A única medida efetiva de Vargas para contra-atacar no campo político-ideológico era justamente o aumento do salário mínimo. Vianna contrapõe-se à visão adotada por Boito Jr. (1982), considerando que a mesma não prescinde de uma radicalização nacionalista do Governo Vargas, que, de fato, não ocorreu. Essa crítica a Boito Jr. é exagerada, ou melhor, insuficiente para dissolver a ideia de que o golpe sobre Getúlio foi consequência das contradições inerentes à contraposição entre as burguesias comercial e industrial e entre a burguesia e a classe trabalhadora. Por outro lado, a crítica complementa a tese de Boito Jr. ao introduzir a figura de Vargas. A figura do Presidente incorpora à interpretação dos acontecimentos pela burguesia industrial alguém obstinado por manter-se no poder (como no Estado Novo, que durou quinze anos) e capaz de adotar, em uma canetada (LEOPOLDI, 200079), posicionamentos contrários a essa classe (e de cunho popular). Assim, transferem-se as questões para a pessoa de Vargas, questionando-se o “seu” regime e colocando a crise institucional nos ombros dele: “no final, não era mais a legitimidade do Governo que estava em questão, mas a figura de seu principal mandatário. É em Vargas que se concentram os esforços de revisão política, transformando-o em fonte de todas as desavenças” (D’ARAÚJO, 1992b, p. 190).

79 A autora discorre sobre a preocupação da burguesia industrial com a postura intempestiva de Getúlio Vargas

Em agosto de 1954, o estopim para a crise final é dado para os oposicionistas: o atentado ao seu maior representante público, Carlos Lacerda, cujo mandante do crime era chefe da guarda pessoal de Getúlio Vargas. Por fim, pouco antes de sua morte, na madrugada de 23 para 24 de agosto, Vargas expede pedido de licenciamento do cargo, que seria visto como renúncia pelos militares arregimentados pelo golpismo (BANDEIRA, 2014; CALABRE, 2004; SKIDMORE, 1982). A crise política, no entanto, não está no atentado, ela apenas ganhava contornos policialesco-dramáticos que atraíam a população. A crise naquele momento

[...] está situada no âmbito das próprias elites, que disputam entre si uma

parcela maior de poder, sem saber contudo legitimar os meios pelos quais esse poder possa ser alcançado democraticamente. E exatamente na medida em que não são capazes de gerar soluções que lhe sejam satisfatórias é que as elites irão questionar o sistema no qual se inserem (D’ARAÚJO, 1992b, p. 134, grifo nosso)

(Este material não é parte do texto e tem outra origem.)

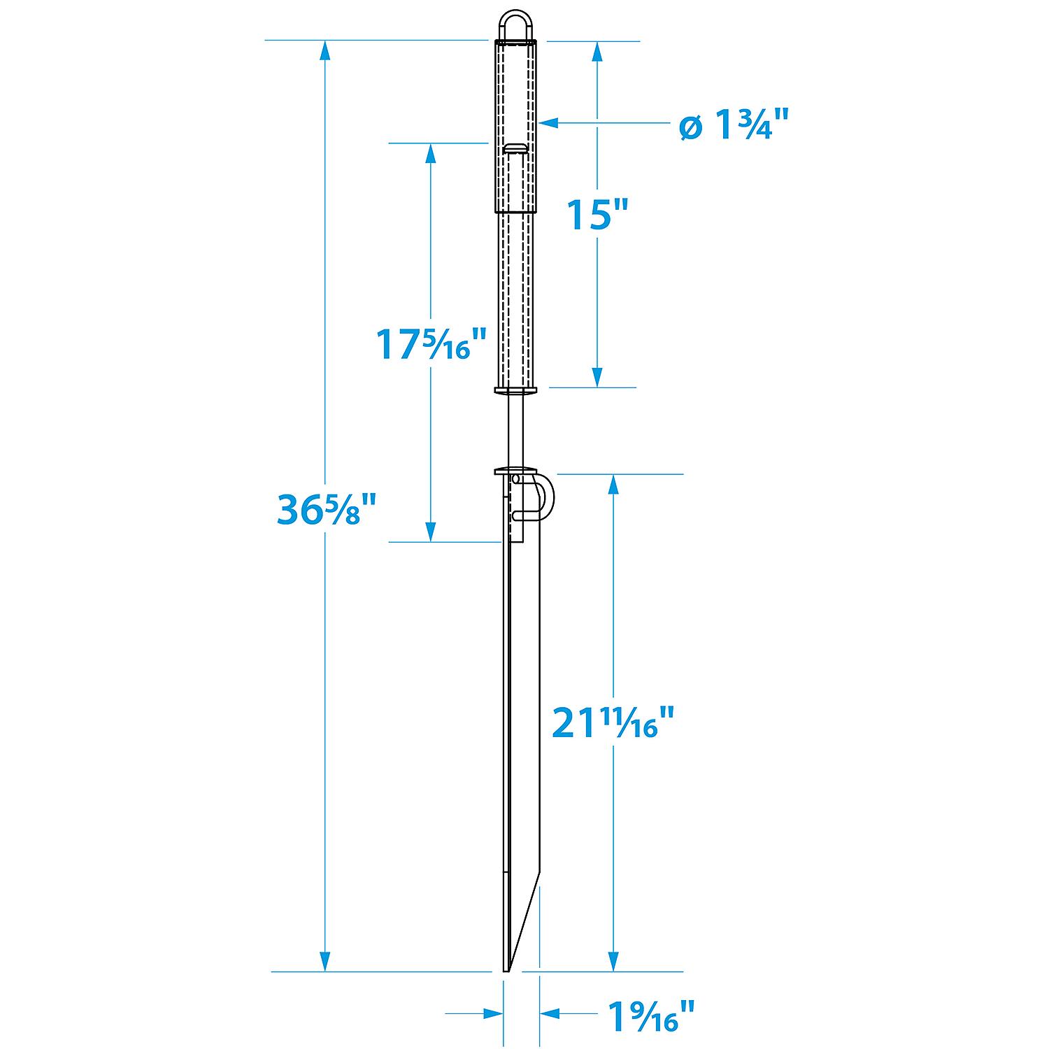 Ideal for securing you boat or PWC to shore. Self-driving hammer action. Galvanized with rubber coated handle for protection.
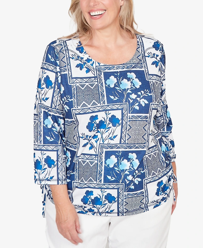 Alfred Dunner Plus Mykonos Framed Floral Ruched Side Tie Top

O que fica nítido é que a burguesia industrial interna, mesmo depois de ter sido beneficiada por todas as medidas de política industrial do Governo Vargas, agora, se manifesta insatisfeita e articula para dar fim ao Governo Vargas. Para isso, usa de vários argumentos, como corrupção e comunismo, entre outros, para buscar legitimação para a derrubada de Vargas e não respeitar as regras do jogo da democracia. No fundo, esse comportamento da burguesia interna representa sua aversão a um desenvolvimento mais de caráter nacional, onde fosse possível romper com a dependência externa e, simultaneamente, promover também a inserção de classes populares nos benefícios advindos da riqueza do país.